His father was best-known for starting the so-called Varela Project at the end of the 1990s, a campaign to gather signatures in favour of freedom of speech, a peaceful transition to democracy and a guarantee of civil rights. It was an unprecedented challenge to Castro, one which even brought criticism from hardline anti-Castro exiles in Miami, who called Paya naïve and insisted the Cuban leader should be summarily overthrown, if not killed. The Varela Project won 25,000 votes, not insignificant under a totalitarian regime. Castro, of course, responded with a referendum of his own, which resulted in an overwhelming vote saying the revolution was "irrevocable."
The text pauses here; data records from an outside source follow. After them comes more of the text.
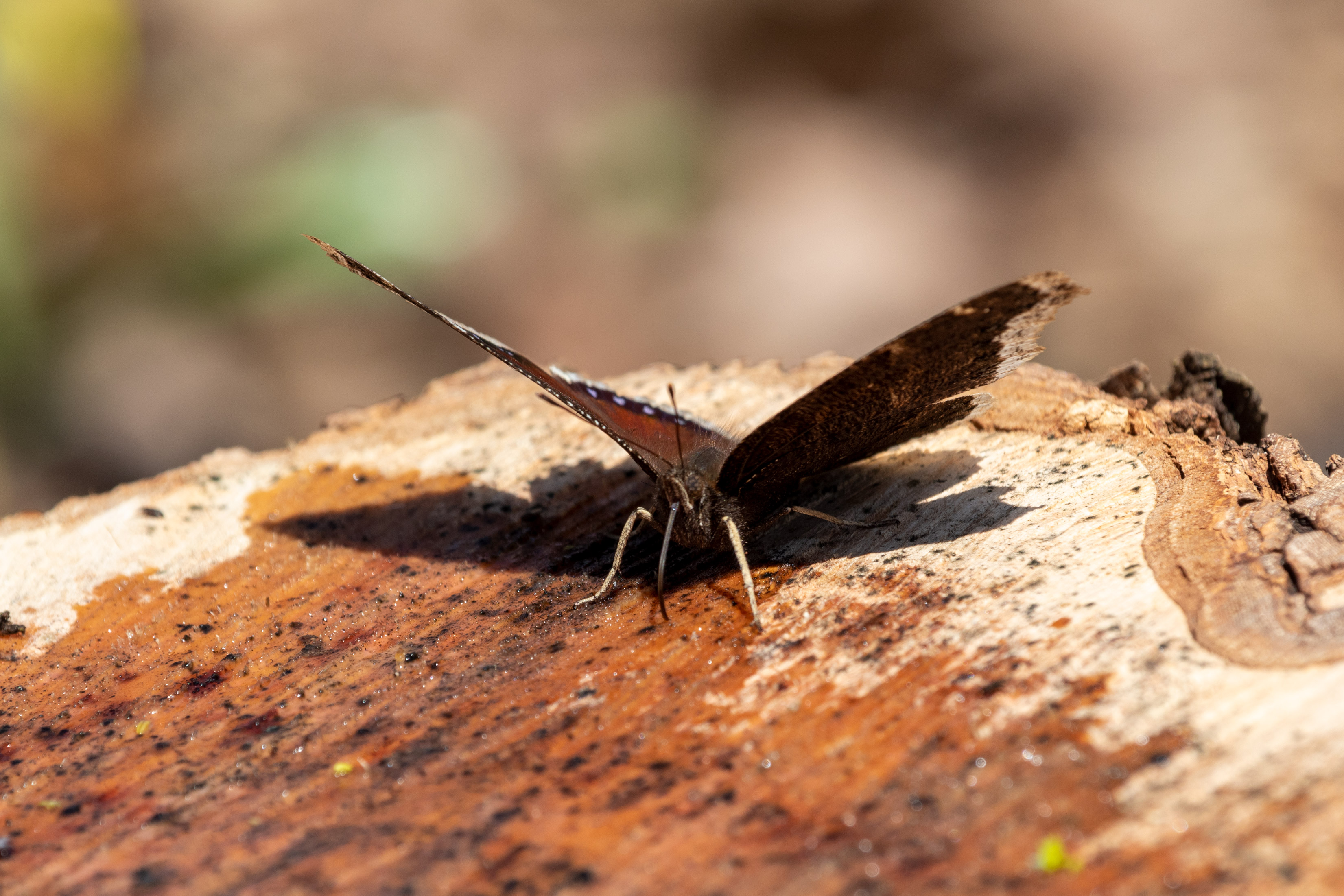 Descriptive text: Butterfly with brown, blue, and white wings sipping sap from a tree stump
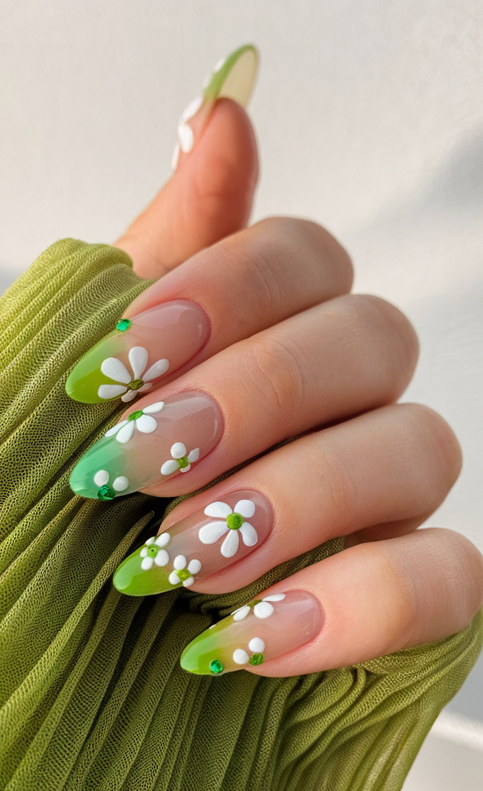 This spring almond manicure features simple green French tips with hand-painted white daisies for a fresh, botanical look. The 2025 almond shape elongates the nails, while small green gem embellishments add a hint of sparkle. The soft gel base allows the floral elements to stand out, making this a great option for a light and airy Easter or spring green nail design.
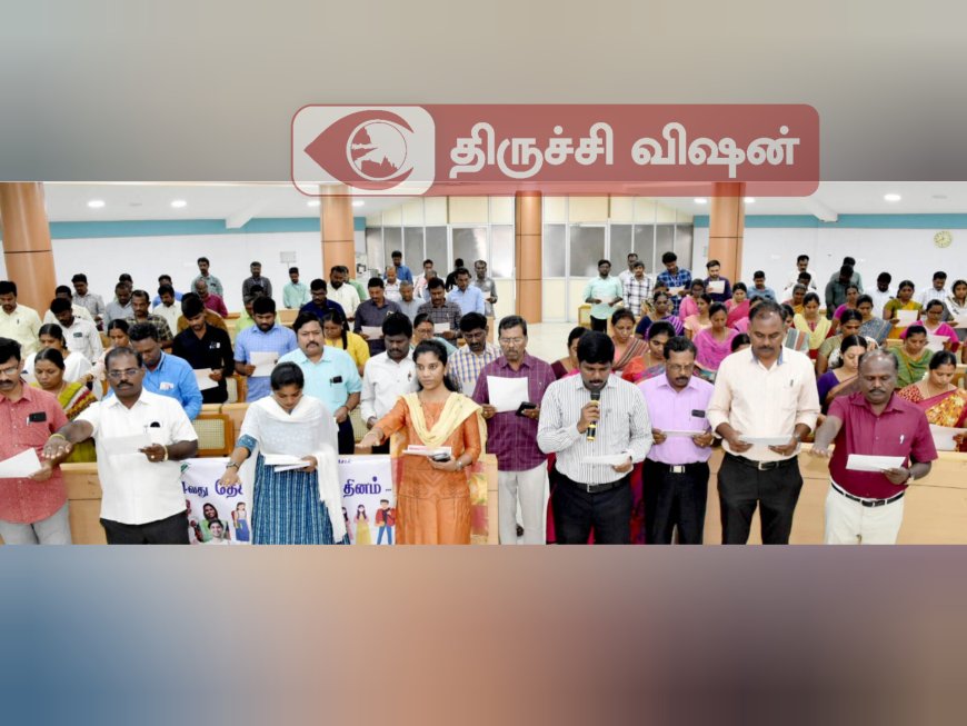 பின்னர் மாவட்ட ஆட்சித்தலைவர் அலுவலக கூட்டரங்கில் வாக்காளம் தின உறுதிமொழியினை மாவட்ட தேர்தல் அலுவலர் / மாவட்ட ஆட்சித்தலைவர் வாசிக்க அனைத்து அரசுத்துறை அலுவலர்களும் வாக்காளர் தின உறுதிமொழியினை எடுத்துக்கொண்டனர். இந்நிகழ்வுளில், மாவட்ட ஆட்சித்தலைவரின் நேர்முக உதவியாளர் (பொது) சரண்யா, மாவட்ட ஆட்சித்தலைவரின் நேர்முக உதவியாளர்(தேர்தல்) ந.சீனிவாசன், பயிற்சி ஆட்சியர் ஐஸ்வர்யா, தந்தை பெரியார் கல்லூரி, ஜமால்முகமது கலை மற்றும் அறிவியல் கல்லூரி முதல்வர்கள் மற்றும் பேராசிரியர்கள், மாணவ, மாணவிகள், அரசுத்துறை அலுவலர்கள் உள்ளிட்ட பலர் கலந்து  கொண்டனர்.
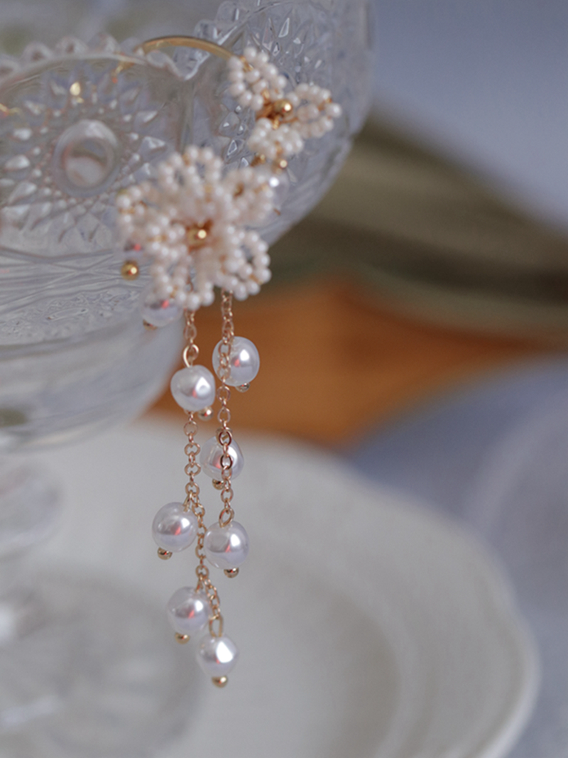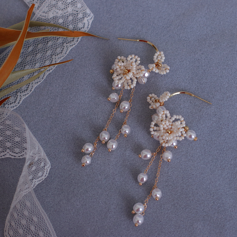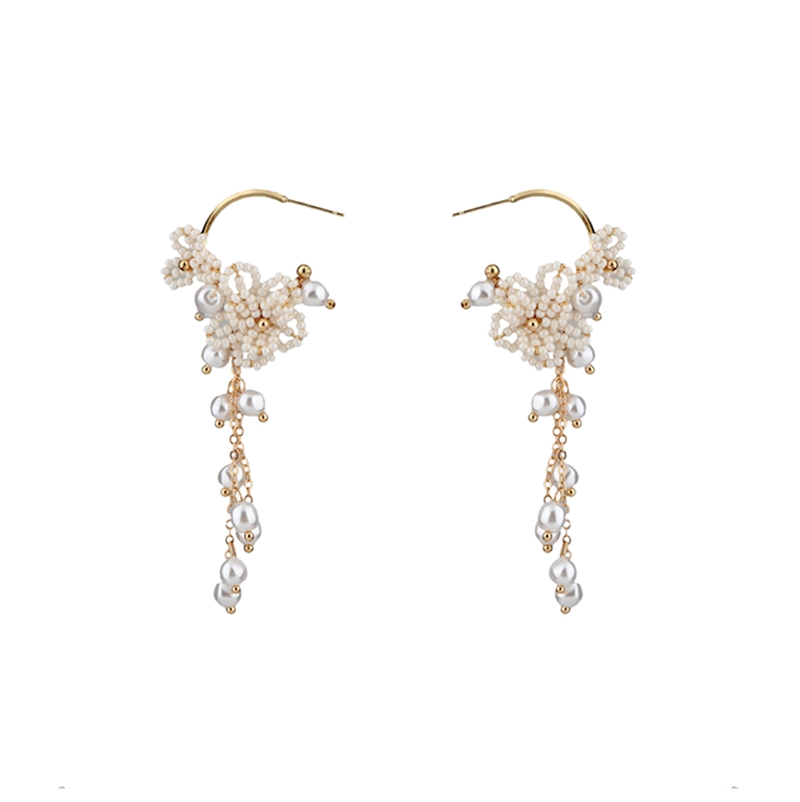 Product Information:Material: Rice beads/Copper plated/Shell beadsPattern: Plant flowersApplicable gender: femaleSize: 3.3 * 8cmPackaging list:Earrings * 1 pair
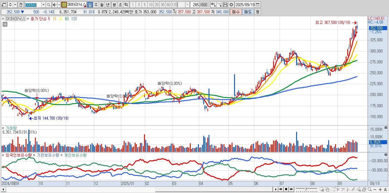 - SK하이닉스 (353,000원 0% , 시총: 2,569,848억, 거래량: 4,385,543, 거래대금:15,461억)
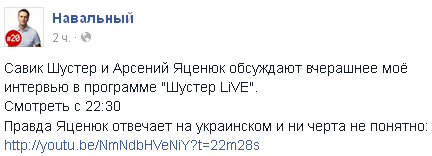 А НИЖЕ - пост навального и видео Шустера с Яценюком об интервью Навального.
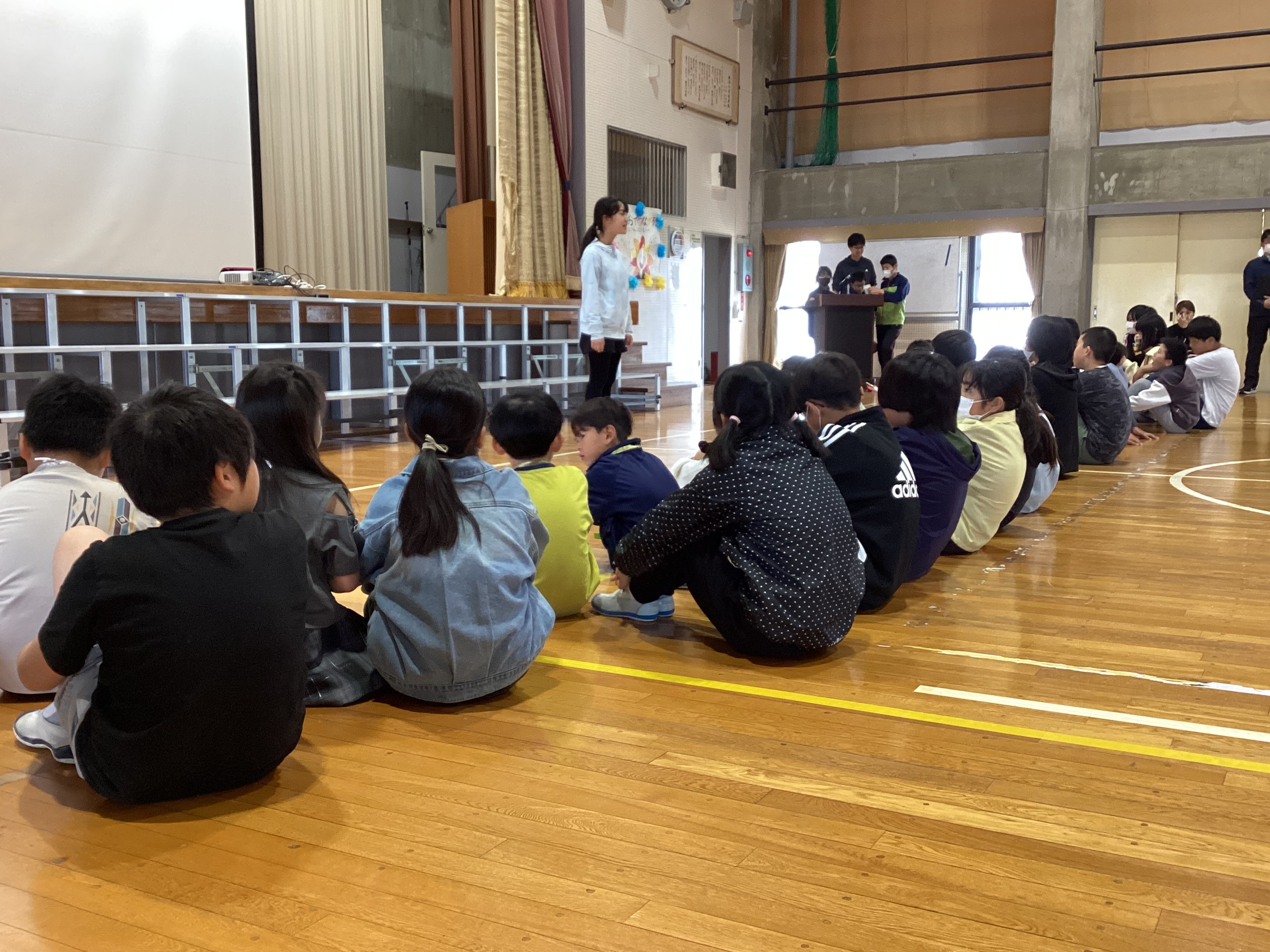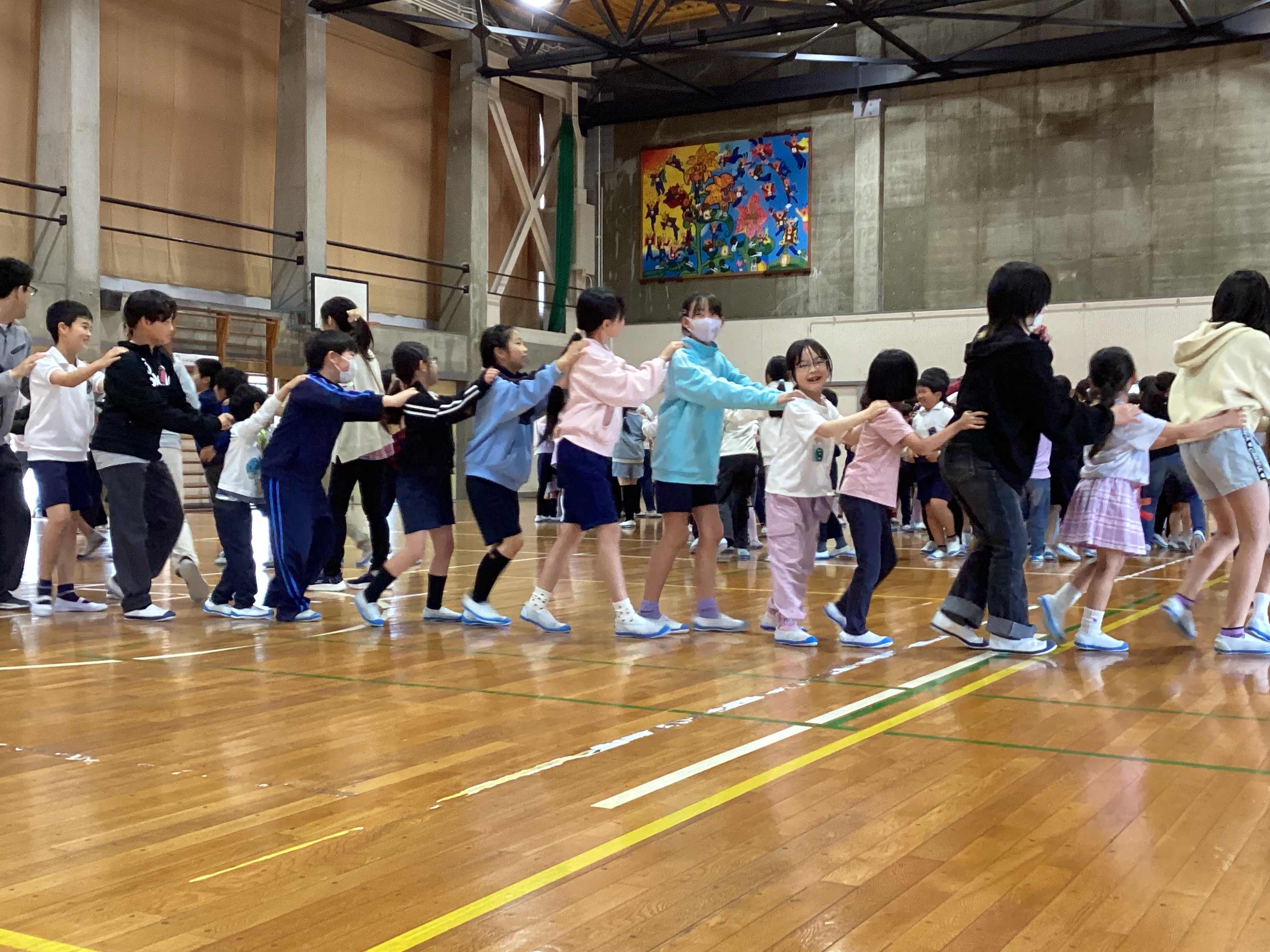 4月24日(金)、児童会活動「1年生を迎える会」を行いました。「えがおでつながろう~1年生といっしょにはずむ心~」をスローガンにして、全校みんなで「じゃんけん列車」や「もうじゅうがり」の楽しいなかよし遊びをしました。1年生は、おにいさんおねえさんと手をつないで、笑顔で活動することができました。2年生から6年生は、メダルづくり、会場の飾りつけ、司会や運営を担って、みんなが笑顔になって活動しました。最後に、全校みんなで校歌を歌ってしめくくりました。
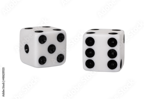 chance, dice, entertainment, luck, risk, black, closeup, color image, concept, connection, cube, gambling, horizontal, idea, no people, number, pair, pattern, photo, spotted, still life, studio shot, two objects, white, clipping path, cut-out, white background, fortune, game
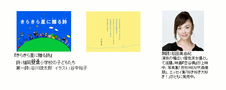 今回の詩集絵本『きらきら星に贈る詩』は、詩人の谷川俊太郎さんが書き下ろした詩を参考として、福岡雙葉(ふくおかふたば)小学校2年生(2010年度当時)の子どもたちが思い思いに綴った詩を絵本にしたものです。
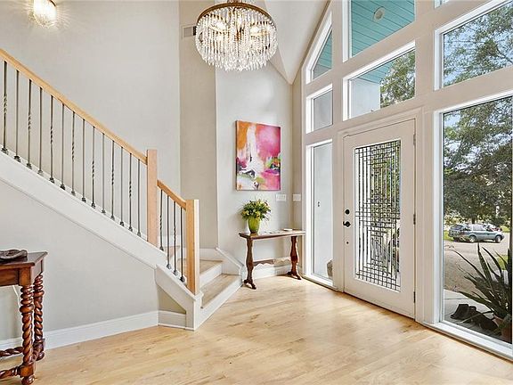 Just renovated and gorgeous open floor plan with soaring ceilings and walls of windows with natural lighting. A view of nature habitat and enjoy peaceful sunsets on screened porch. Walking distance to river front with restaurants, bars, Maritime Museum. Freshly painted and refinished wood maple floors. Master bedroom with double sided fireplace in master bath. Spacious 4 bedrooms 3 full baths and 2 half baths with lots of storage. A must see!!
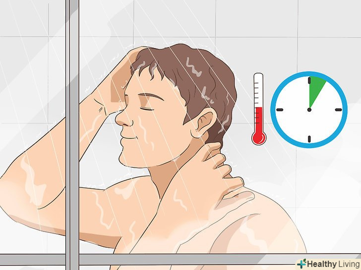 Регулярно приймайте нетривалі душі або ванни для зволоження шкіри.закривайте двері ванної кімнати, коли ви приймаєте душ або ванну, щоб приміщення було вологим. Приймайте душ або ванну протягом 5-10 хвилин з теплою, а не гарячою водою.[18]- Довге перебування в гарячому душі або ванній може ще більше висушити шкіру і викликати її подальше роздратування.

Oswaldo Paya Sardinas was born in Havana in 1952, when Cuba was still run by the US-backed dictator Anastasio Somoza. He was six when Castro and Guevara rolled into the capital, smoking big cigars, having forced Somoza to flee. A devout Roman Catholic, he went on to become an engineer and kept a relatively low profile in the anti-Castro movement as the leader of the so-called Christian Liberation Movement until he launched the Varela Project. At his funeral in a modest Havana church yesterday, mourners shouted "Viva Paya!" and "Libertad, Libertad!"

"His death is tragic not only for his family but for the entire human rights and pro-democracy movement," said Elizardo Sánchez, head of the banned but tolerated Cuban Commission for Human Rights. "Paya was considered the most notable political leader of the Cuban opposition." A White House statement said: "The President's thoughts and prayers are with the family and friends of Oswaldo Paya, a tireless champion for greater civil and human rights in Cuba."

Oswaldo Paya Sardinas, engineer and dissident: born Havana, Cuba 29 February 1952; married Ofelia Acevedo (three children); died La Gavina, Cuba 22 July 2012.